• _Problem description_
With the pictures omitted, write out the entries that follow exactly as they stand.

[Supplied records Boundary: Start]

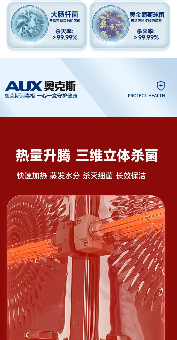 家用电器  > 厨卫大电  > 消毒柜  >  奥克斯/AUX  >  奥克斯(AUX)消毒柜高温商用大容量双门90L家用立式台式消毒碗柜厨筷餐具茶杯母婴级奶瓶消毒柜ZTP108-A02 ZTP108-A02/台
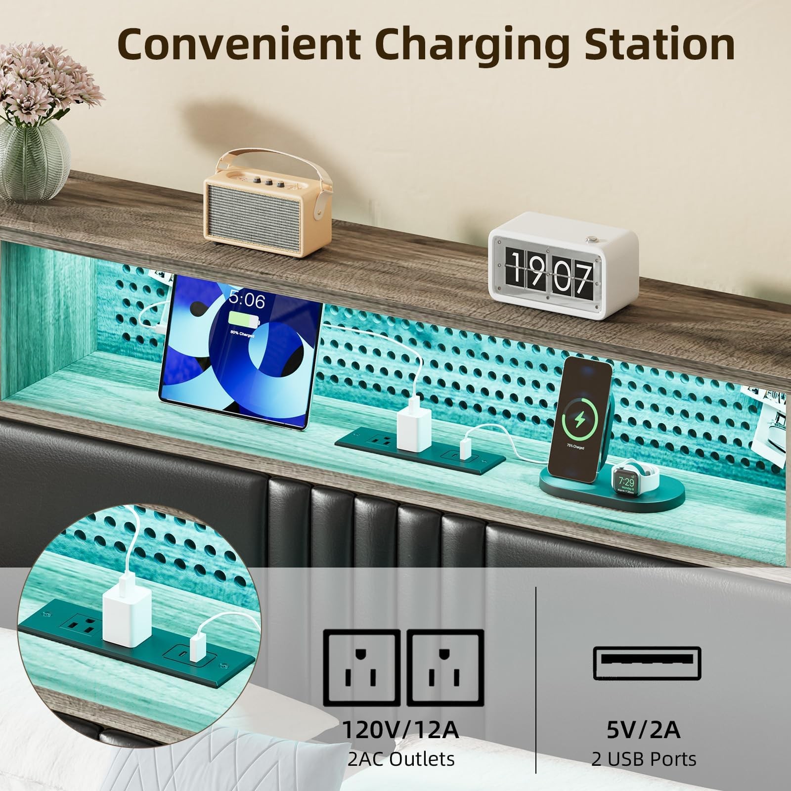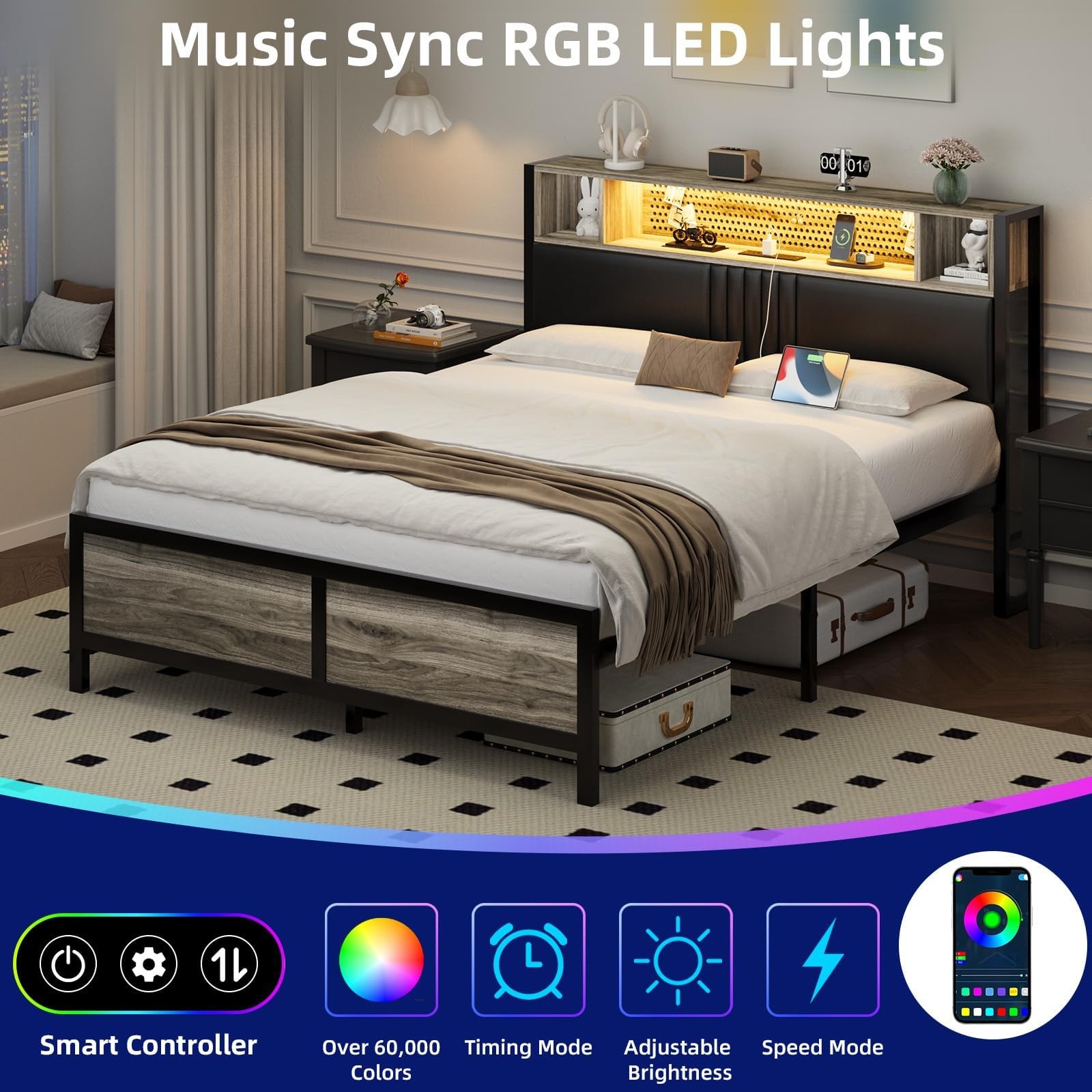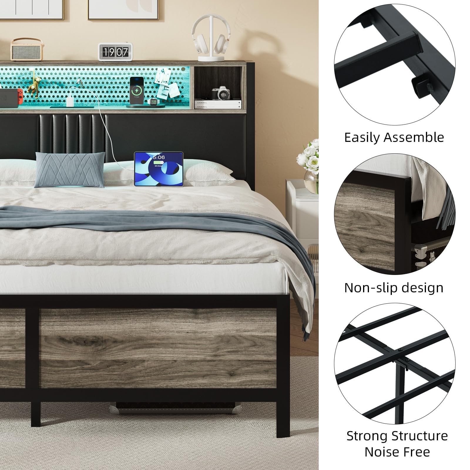 как выглядит Queen Size Bed Frame with LED Light and Charging Station фото
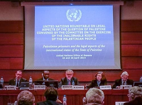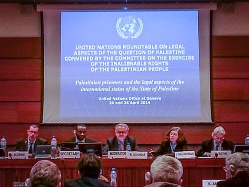Speakers at the “Roundtable on Legal Aspects of the Question of Palestine,” included top UN officials in Geneva; Issa Qaraqe, the Palestinian Authority Minister for Prisoners’ Affairs, who made the outrageous allegation that Israeli pharmaceutical companies conducted experiments on over 1,000 Palestinian detainees; and pro-Iranian law professor William Schabas, who recently participated in the “Russell Tribunal,” a kangaroo court against Israel.
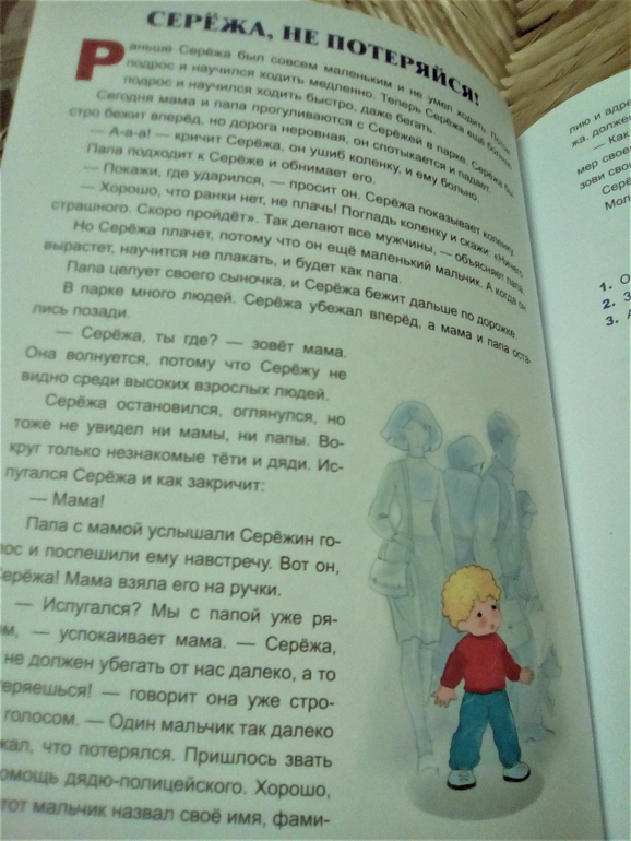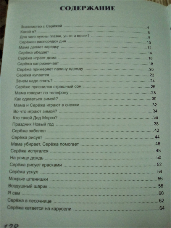 Потому что сын постоянно просит читать именно эту книгу, она даже Трёх поросят затмила. Даже если её спрятать под стопку других книг, он её откопает и принесёт. И ведь меня та мамочка, которая советовала рассказы про Серёжу, предупреждала, что придется их читать каждый день)). Абсолютно понимаю малышей, почему им так нравится читать про Серёжу. Нам, взрослым, тоже нравится читать то, что понятно и откликается, то, что написано доступным языком без обилия всяких абракадабр, за пониманием которых надо лезть в словарь. Так и в этой книжке. Много коротких рассказиков (фото содержания книги в конце поста) на страницу-полторы о том, как маленький Серёжа кушает, играет, гуляет, капризничает, помогает маме, ходит в гости к бабушке и т.д., и т.п., написаны понятно для малышей и полезны будут не только маленьким, но и их родителям.
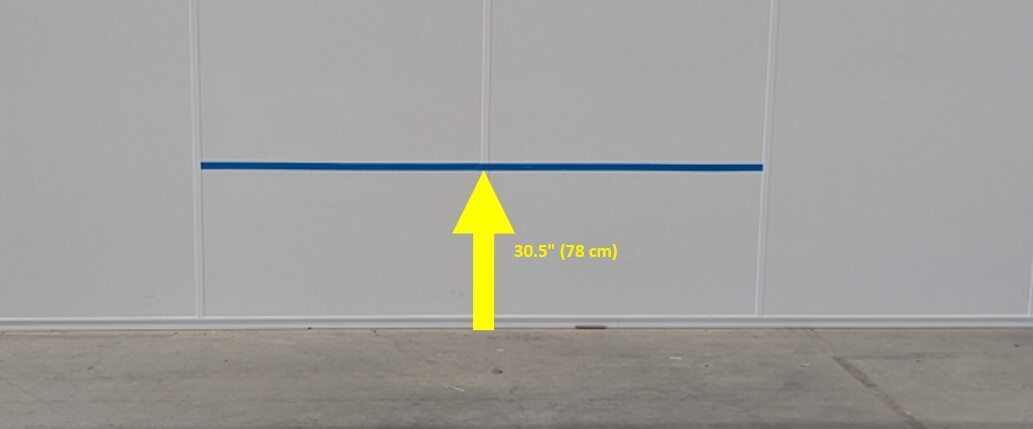 注在墙壁上距离地面 78 厘米(30.5 英寸)处粘贴胶带。
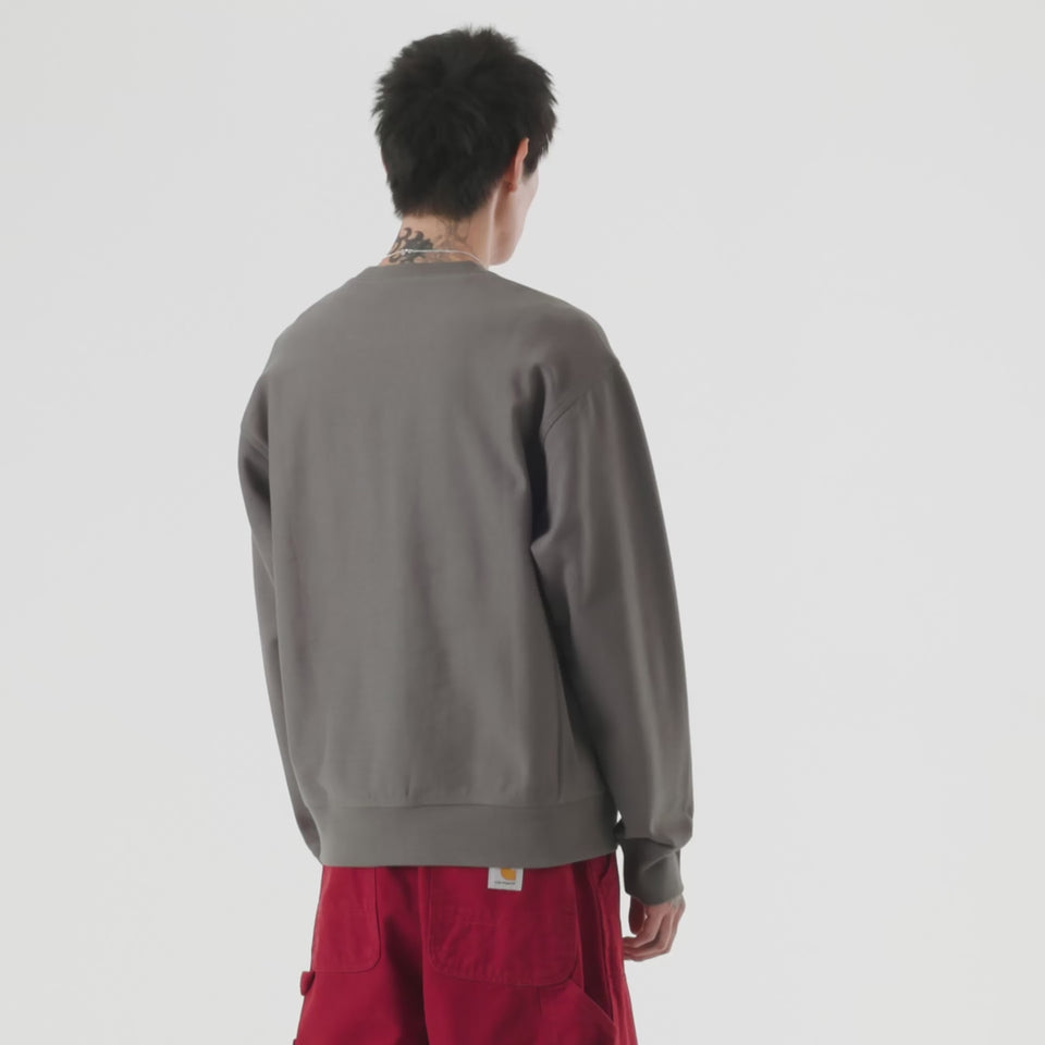 Made from heavyweight, cotton-poly jersey fabric, the Carhartt WIP American Script Sweatshirt has been brushed to give it a fleece-like backing. The garment has a loose fit and is detailed with a crewneck collar, as well as a ribbed hem, cuffs, and side panels. American Script embroidery appears at the chest.
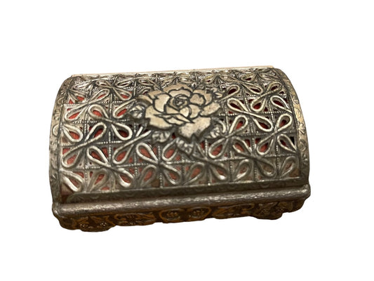 Vintage Japan Ornate Trinket Jewelery Footed Box Ornate Mirror
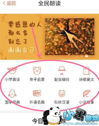 进入全民朗读界面后,选择想要朗读的类别进入。
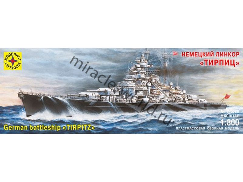 Сборная модель немецкого линкора "Tirpitz" / "Тирпиц" в масштабе 1/700 от фирмы Моделист (артикул 180080).
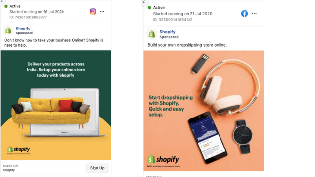 Shopify uses these ads in India. They describe their benefits in a simple way. Delivery, drop shipping. One ad, One Benefit.
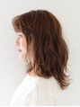 ベースは毛先に厚みを持たせた切りっぱなしシルエット。表面に軽くレイヤーで動きを持たせたら、大きめのロッドでゆるやかなウエーブをかけて、思わず触れたくなる柔らかな雰囲気に。前髪はかすかな束感で。抜け感と上品な印象をプラス!

[Supplied records Boundary: End]

• _Problem solution_
 家用电器  > 厨卫大电  > 消毒柜  >  奥克斯/AUX  >  奥克斯(AUX)消毒柜高温商用大容量双门90L家用立式台式消毒碗柜厨筷餐具茶杯母婴级奶瓶消毒柜ZTP108-A02 ZTP108-A02/台
 как выглядит Queen Size Bed Frame with LED Light and Charging Station фото
Speakers at the “Roundtable on Legal Aspects of the Question of Palestine,” included top UN officials in Geneva; Issa Qaraqe, the Palestinian Authority Minister for Prisoners’ Affairs, who made the outrageous allegation that Israeli pharmaceutical companies conducted experiments on over 1,000 Palestinian detainees; and pro-Iranian law professor William Schabas, who recently participated in the “Russell Tribunal,” a kangaroo court against Israel.
 Потому что сын постоянно просит читать именно эту книгу, она даже Трёх поросят затмила. Даже если её спрятать под стопку других книг, он её откопает и принесёт. И ведь меня та мамочка, которая советовала рассказы про Серёжу, предупреждала, что придется их читать каждый день)). Абсолютно понимаю малышей, почему им так нравится читать про Серёжу. Нам, взрослым, тоже нравится читать то, что понятно и откликается, то, что написано доступным языком без обилия всяких абракадабр, за пониманием которых надо лезть в словарь. Так и в этой книжке. Много коротких рассказиков (фото содержания книги в конце поста) на страницу-полторы о том, как маленький Серёжа кушает, играет, гуляет, капризничает, помогает маме, ходит в гости к бабушке и т.д., и т.п., написаны понятно для малышей и полезны будут не только маленьким, но и их родителям.
 注在墙壁上距离地面 78 厘米(30.5 英寸)处粘贴胶带。
 Made from heavyweight, cotton-poly jersey fabric, the Carhartt WIP American Script Sweatshirt has been brushed to give it a fleece-like backing. The garment has a loose fit and is detailed with a crewneck collar, as well as a ribbed hem, cuffs, and side panels. American Script embroidery appears at the chest.
 Vintage Japan Ornate Trinket Jewelery Footed Box Ornate Mirror
 进入全民朗读界面后,选择想要朗读的类别进入。
 Сборная модель немецкого линкора "Tirpitz" / "Тирпиц" в масштабе 1/700 от фирмы Моделист (артикул 180080).
 Shopify uses these ads in India. They describe their benefits in a simple way. Delivery, drop shipping. One ad, One Benefit.
 ベースは毛先に厚みを持たせた切りっぱなしシルエット。表面に軽くレイヤーで動きを持たせたら、大きめのロッドでゆるやかなウエーブをかけて、思わず触れたくなる柔らかな雰囲気に。前髪はかすかな束感で。抜け感と上品な印象をプラス!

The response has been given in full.